Flow curves of the hydrogel mixtures were obtained at 25°C with a Physica MCR 301 plate rheometer with one grooved plate PP25/Q1 D = 25 mm (Anton Paar GmbH, Graz, Austria). The material was initially sheared at a constant shear rate of 1 s⁻¹ for 40 s, after which a logarithmic shear rate gradient between 0.01 and 300 s⁻¹ was applied over a duration of 160 s while measuring the resulting shear stress. The viscous behavior of the hydrogel mixture is time‐dependent because of the additives 26 and the slow radical polymerization of PEG‐DA that happens even in the absence of UV light. Accordingly, representative samples for the residence time in the storage tank of the 3D‐printer were chosen ranging between 20 and 150 min. Rheological data were monitored at relatively low shear rates to model the behavior when the extrusion process is started and the material crosses the threshold to flowing. Flowing at high shear rates, as applied in Blaeser et al. 27, can be approximated, but is not relevant for 3D‐printing, during which defined strands of material are extruded.

2.4. 3D‐printing

For the production of defined hydrogel structures, the desired lattice structures were designed with the software BioCAD (regenHU, Villaz‐St‐Pierre, Switzerland) and printed with a pneumatic extrusion‐based 3D‐printer (3D Discovery, regenHU, Villaz‐St‐Pierre, Switzerland). Briefly, the printing pathway is designed as user‐determined coordinates and the parameters for the printheads are set within the software. The allocated information is converted by the software in the G‐code needed to control the printer, including commands to open and close valves or combine different printheads. Alternatively, the desired geometry can be designed in any custom CAD software and converted into G‐code that is readable by the 3D‐printer.

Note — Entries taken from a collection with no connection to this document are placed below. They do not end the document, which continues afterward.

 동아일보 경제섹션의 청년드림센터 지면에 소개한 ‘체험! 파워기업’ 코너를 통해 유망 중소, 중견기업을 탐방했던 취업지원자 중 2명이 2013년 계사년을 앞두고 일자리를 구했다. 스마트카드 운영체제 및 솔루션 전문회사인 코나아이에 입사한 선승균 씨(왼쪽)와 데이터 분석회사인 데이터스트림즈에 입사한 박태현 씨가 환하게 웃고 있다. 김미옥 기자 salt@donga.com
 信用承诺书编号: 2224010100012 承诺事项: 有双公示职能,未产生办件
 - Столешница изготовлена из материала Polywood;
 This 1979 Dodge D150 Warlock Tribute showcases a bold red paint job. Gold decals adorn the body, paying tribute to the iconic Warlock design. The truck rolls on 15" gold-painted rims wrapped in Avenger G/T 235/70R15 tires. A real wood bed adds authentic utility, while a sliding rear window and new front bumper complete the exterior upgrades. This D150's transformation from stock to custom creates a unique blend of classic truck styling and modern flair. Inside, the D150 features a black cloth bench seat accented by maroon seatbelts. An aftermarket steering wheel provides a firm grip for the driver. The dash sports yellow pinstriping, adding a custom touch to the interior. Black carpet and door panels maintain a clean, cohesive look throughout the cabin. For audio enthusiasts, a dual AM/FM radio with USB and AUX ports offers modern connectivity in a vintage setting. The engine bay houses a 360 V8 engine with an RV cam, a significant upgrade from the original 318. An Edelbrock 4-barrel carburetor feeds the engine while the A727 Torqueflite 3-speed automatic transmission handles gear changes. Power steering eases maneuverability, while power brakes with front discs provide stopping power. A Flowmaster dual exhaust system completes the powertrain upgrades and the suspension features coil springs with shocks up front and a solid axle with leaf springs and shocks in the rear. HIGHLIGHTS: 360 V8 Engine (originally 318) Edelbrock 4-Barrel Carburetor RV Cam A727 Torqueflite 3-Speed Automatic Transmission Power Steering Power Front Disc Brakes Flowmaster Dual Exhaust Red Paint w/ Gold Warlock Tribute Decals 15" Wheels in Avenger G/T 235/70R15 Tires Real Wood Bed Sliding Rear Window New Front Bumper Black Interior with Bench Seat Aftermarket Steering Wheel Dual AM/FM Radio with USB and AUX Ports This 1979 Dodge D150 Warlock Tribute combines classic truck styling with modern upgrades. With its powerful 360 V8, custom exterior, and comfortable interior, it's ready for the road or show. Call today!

Extrusion was done through cannulas with an inner diameter of 200 or 250 μm and with a xy‐speed of 35 mm/s across the printing platform. The layer height was adapted to the extruded amount of material between 120 and 150 μm to get defined lattice structures with strand thickness of 700–900 μm, grid width of 1500 μm and varying total heights of the structure. The resulting extrusion pressure depended on the material but was about 0.120 MPa. Each layer was prehardened with the built‐in UV light for 10 s, followed by a complete hardening of 10 min after completing the print. The built‐in UV light has a spot size of 12 mm in diameter, greater geometries were exposed to UV‐light by moving the lamp to several positions followed by 10 min exposition with a VL‐8.L lamp (Vilber Lourmat, Marne‐la‐Vallée, France) to be able to start the next 3D‐print in parallel. A lattice with dimensions of 12 mm × 13.5 mm and a height of 6 mm can be printed within 20 min and hardened completely within 10 extra minutes. The lattice structures were stored in deionized water at 5°C for 18–24 h prior to use. Hereby, the hydrogels could equilibrate in solution to have comparable starting conditions for the kinetic measurements of the enzyme.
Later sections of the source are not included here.